For completeness, COMPRESS-327 talks about seeking through the file -- this 
wouldn't yield random-access to 7zip entries if they're block-compressed (I 
recall explaining why this is a problem in a comment on another issue, but 
can't recall which one it was). In any case, if the blocks are large, providing 
random-access to any entry could (and very likely eventually would for 
somebody) lead to exponential decompression times because you'd decompress the 
same information over and over. The simplest case is reading files "in reverse" 
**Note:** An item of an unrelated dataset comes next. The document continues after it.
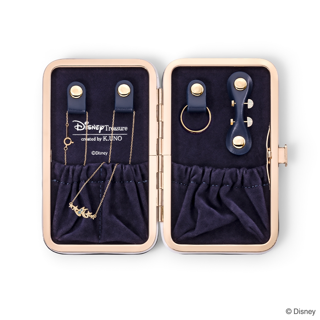 パール感のあるダークネイビーにシルバーの刺繍を施した、クールな印象のトラベルジュエリーケース。魔法使いの弟子に扮したミッキーマウスが夜空の星たちを指揮するシーンを描いた、ケイウノオリジナルデザインです。ケースの中身はスエード調のやわらかな布地を使用。高級感のあるダークネイビーにジュエリーがよく映えます。ネックレス・リング・ピアスなどが収納できます。手のひらにおさまるミニサイズ。年代を問わず使いやすい落ち着いた色味です。専用ケース入りなので贈り物にも。
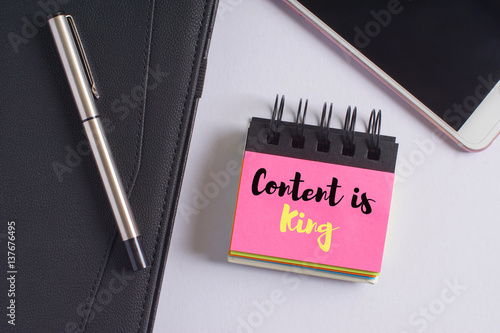 "Content is king" words on pink sticky notes with fountain pen, diary and smartphone on white background - business and finance concept

with solid blocks containing many, many files (or very large files).

> bz2 stream decompressor is 10x slower than it could be
> ------------------------------------------------------
>
>                 Key: COMPRESS-333
>                 URL: https://issues.apache.org/jira/browse/COMPRESS-333
>             Project: Commons Compress
>          Issue Type: Improvement
>            Reporter: Dawid Weiss
>             Fix For: 1.11
>
>
> This is related to COMPRESS-291. In short: decompressing 7z archives was an 
> order of magnitude slower in Java than with native tooling.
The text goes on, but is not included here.